The market also did not react well to last week’s release of the minutes of the December F.O.M.C. meeting, at which the Federal Reserve decided to begin tapering the $85 billion a month in bond purchase stimulus by $10 billion a month starting in January. The minutes showed that a majority of its members concluded that the “marginal efficacy of purchases was likely declining as purchases of bonds continue.” They were also concerned about the “marginal cost of additional asset purchases arising from risks to financial stability,” citing the potential for “excessive risk-taking in the financial sector.” Finally, they expressed concern about an “unintended tightening of financial conditions if a reduction in the pace of asset purchases was misinterpreted as signaling that the committee was likely to withdraw policy accommodation more quickly than had been anticipated.” Because of this, they concluded that they should proceed “cautiously in taking their first action and should indicate that further reductions would be undertaken in measured steps.”
Then came the fiasco of last Friday’s December jobs report, which made those whose expertise it is to predict the number look foolish, as the A.D.P. payroll-processing company, which puts out its own estimate on the Wednesday before the report, decided that the number of new jobs created would be 238,000. This caused analysts in the financial community to push their estimates from what had been 195,000 before the A.D.P. number up to 205,000 for no other reason than that A.D.P. had raised theirs.
And sure enough, the number from the Labor Department was completely at odds with what the experts had predicted, as it showed that only 74,000 new positions had been created last month.
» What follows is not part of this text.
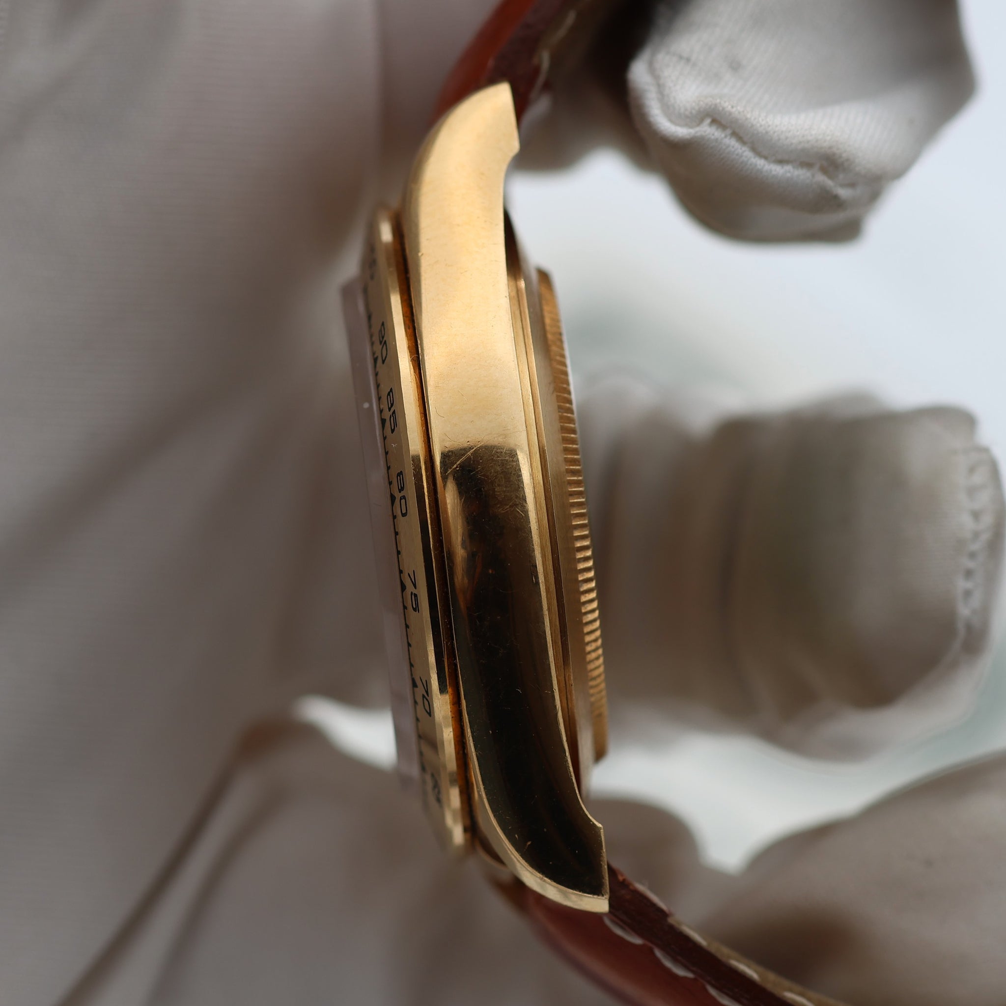 More than any other contemporary Rolex, it's a timeless piece. With its iconic case, it's a slim watch, with a leather strap and a yellow gold clasp.

This was the smallest increase since January 2011.
The unemployment rate declined to 6.7 percent, which was the lowest since October 2008 and was primarily a reflection of 273,000 people leaving the labor force and who are therefore not counted in the calculation. This was the largest such shrinkage since 1977. In addition, the labor force participation rate, which means the proportion of working-age people who have a job or who are looking for one fell to 62.8 percent, the lowest since 1978. These numbers accounted for two-thirds of the drop in the unemployment rate.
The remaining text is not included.